▶ _What the exercise asks_
Among the lines below, copy exactly those from the one with "2.按枪声时间成绩取杜鹃十攀" through the one with "进入C2C交易区后输入购买金", counting both ends.

▶ _Extracted entries_
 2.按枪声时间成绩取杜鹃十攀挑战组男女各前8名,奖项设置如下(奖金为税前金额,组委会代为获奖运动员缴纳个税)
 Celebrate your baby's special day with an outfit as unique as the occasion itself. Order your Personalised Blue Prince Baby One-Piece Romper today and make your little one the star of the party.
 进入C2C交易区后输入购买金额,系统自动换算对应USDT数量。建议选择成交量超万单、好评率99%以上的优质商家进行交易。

* * *

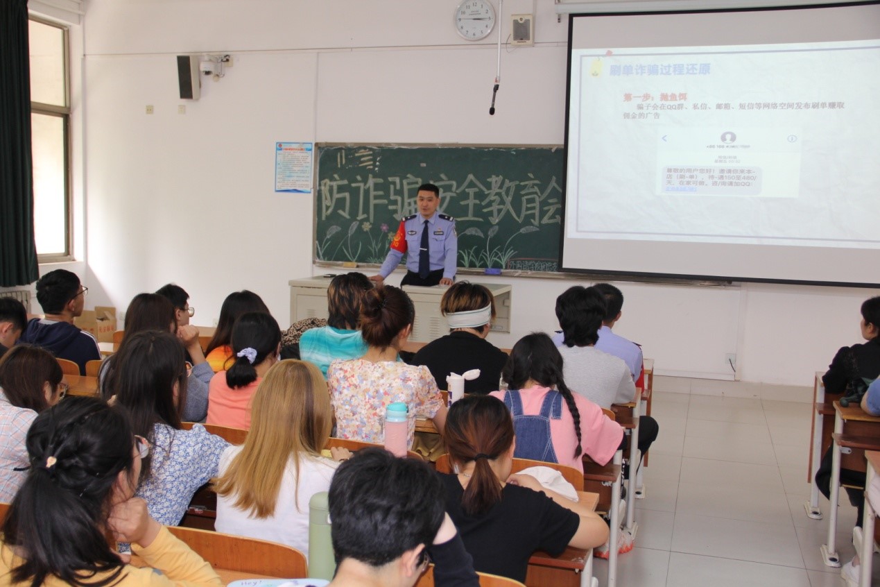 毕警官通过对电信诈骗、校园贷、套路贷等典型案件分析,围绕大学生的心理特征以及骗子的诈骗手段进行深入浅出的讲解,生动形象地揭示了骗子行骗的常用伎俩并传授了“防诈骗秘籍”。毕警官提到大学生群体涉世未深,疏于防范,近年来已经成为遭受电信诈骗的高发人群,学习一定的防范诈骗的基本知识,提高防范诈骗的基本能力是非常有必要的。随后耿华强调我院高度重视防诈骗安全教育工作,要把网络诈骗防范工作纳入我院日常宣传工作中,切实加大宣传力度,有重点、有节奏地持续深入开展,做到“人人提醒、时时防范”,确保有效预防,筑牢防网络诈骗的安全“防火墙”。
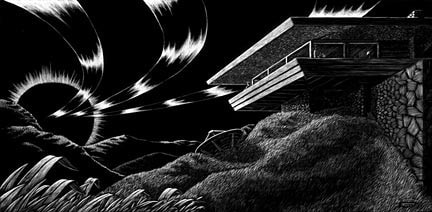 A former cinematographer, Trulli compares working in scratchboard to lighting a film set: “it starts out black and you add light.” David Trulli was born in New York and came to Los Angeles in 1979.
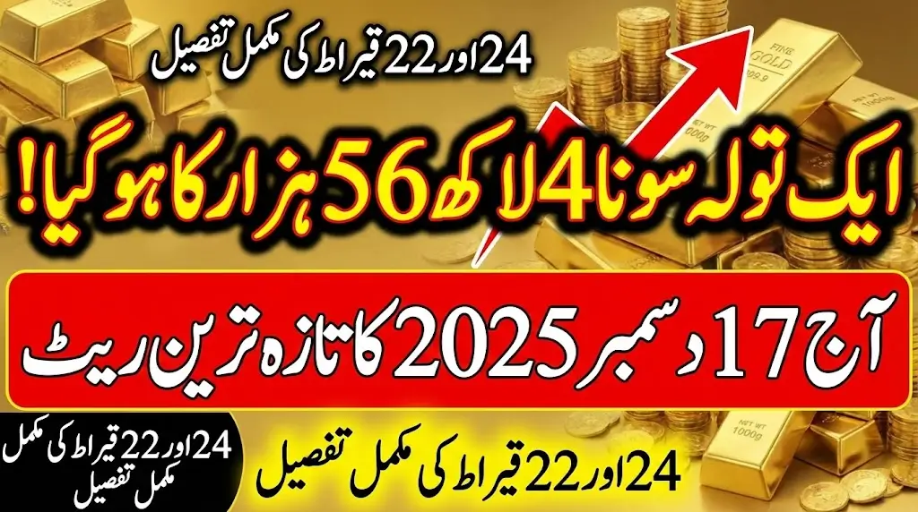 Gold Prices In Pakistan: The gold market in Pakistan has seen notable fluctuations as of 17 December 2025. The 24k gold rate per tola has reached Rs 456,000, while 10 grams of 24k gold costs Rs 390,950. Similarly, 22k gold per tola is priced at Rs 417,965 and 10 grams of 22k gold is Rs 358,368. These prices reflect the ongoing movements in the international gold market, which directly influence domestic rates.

▶ _Answer section_
 2.按枪声时间成绩取杜鹃十攀挑战组男女各前8名,奖项设置如下(奖金为税前金额,组委会代为获奖运动员缴纳个税)
 Celebrate your baby's special day with an outfit as unique as the occasion itself. Order your Personalised Blue Prince Baby One-Piece Romper today and make your little one the star of the party.
 进入C2C交易区后输入购买金额,系统自动换算对应USDT数量。建议选择成交量超万单、好评率99%以上的优质商家进行交易。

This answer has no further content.